What makes this wine such a good deal is the fact that the grapes come from two Trimbach-owned parcels in the grands crus, Geisberg and Osterberg. Because the wine is a blend of the two, a grand cru vineyard name cannot be cited. The Trimbachs couldn’t care less. They’d rather you concentrate on the Cuvee Frederic Emile brand name.
This is flat-out great dry riesling, suffused with a steely, minerally fruit; bracing acidity; and a length that seemingly refuses to quit. A dry white wine like this can handle itself in any food setting, from sushi to steak. Ideally, the more age the wine has, the better. Great Alsatian rieslings such as this really only come into their own 10 years after the vintage. Because Alsace’s rieslings are still undervalued you can come across an occasional older bottle, often selling at the original (cheap) asking price. If you see one, grab it.
Currently on the shelves is the 1999 Cuvee Frederic Emile, which delivered a superb performance: ripe, intense, and beautifully balanced. Tasty as it is now, it really will do nothing but amplify in flavor and depth with additional cellaring. You would be well advised to buy multiple bottles and stow them in a cool place for a few more years, if it’s at all possible. $35.
A word to the wise: The 1999 vintage will soon be replaced with the just arriving 2000 vintage.

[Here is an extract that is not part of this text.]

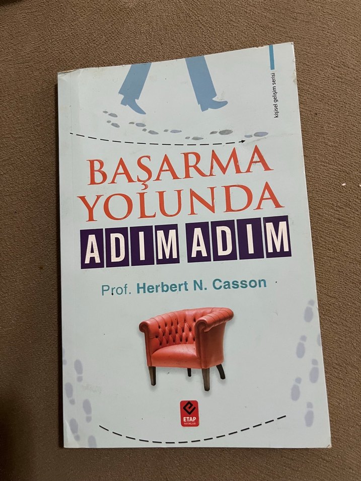 Prof. Herbert N. Casson tarafından yazılan, başarıya giden yolu adım adım anlatan kitap. Kapakta ayak izleri ve kırmızı koltuk yer alıyor.

It too is lovely, but it will be about 10 bucks a bottle more.
KING ESTATE “DOMAINE” PINOT GRIS 2003
A decade ago I predicted that pinot gris would be the next “big white.” I was correct (for once), but I was wrong on two counts: It didn’t happen as quickly as I predicted it would, and it didn’t happen under the name pinot gris. Instead, success came under the Italian name pinot grigio, fueled by the immense success of Santa Margherita pinot grigio, a best-selling, if bland, Italian import.

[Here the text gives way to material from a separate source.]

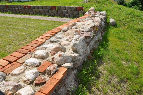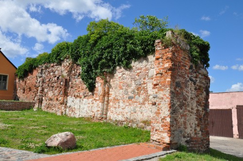 W Wolinie z murów wiele się nie zachowało, jedyny fragment w większej okazałości z dwóch ujęć

Today, pinot gris/pinot grigio is indeed a “big white.” In this country the biggest producer is Oregon, which to its credit ardently pursued pinot gris long before the Santa Margherita phenomenon. Oregon’s strict labeling regulations prohibits using the name pinot grigio, which now hamstrings its growers. (Ital ian restaurants want labels that say pinot grigio.)
Unfortunately, too many pinot gris bottlings – never mind whether from Italy, Oregon, California, Germany, or Alsace – are bland, watery affairs. A great pinot gris should be dense, rich, utterly dry, and offer a lip-smacking texture. Too many Oregon bottlings, to say nothing of the Italian versions, are overly light, thin, and flavorless. They’re “food friendly,” insist the producers, which conveniently allows them to reap high, lucrative vineyard yields resulting in characterless, bland grapes.
So you can imagine my surprise when I tasted Oregon’s King Estate first-ever “Domaine” bottling of pinot gris, drawn exclusively from King Estate’s own organically grown 250 vineyard acres in the southern Willamette Valley. Here, finally, is Oregon pinot gris as it should be: marvelously dense, rich, and succulent, offering headspinning whiffs of mandarin orange, melons, hay, and stones all deftly delivered with the just the right amount of balancing acidity. Oregon’s 2003 vintage was unusually warm, which pinot gris likes just fine.
This is superb pinot gris, indeed one of the best American bottlings yet produced. It has the finesse, balance, and complexity that distinguish fine wine from ordinary. Try this intense dry white wine with anything from a seafood stew to braised beef and you’ll see just how dimensional and big-scale it is. This is well worth the $20 (to be upped to $25 early next year) asking price.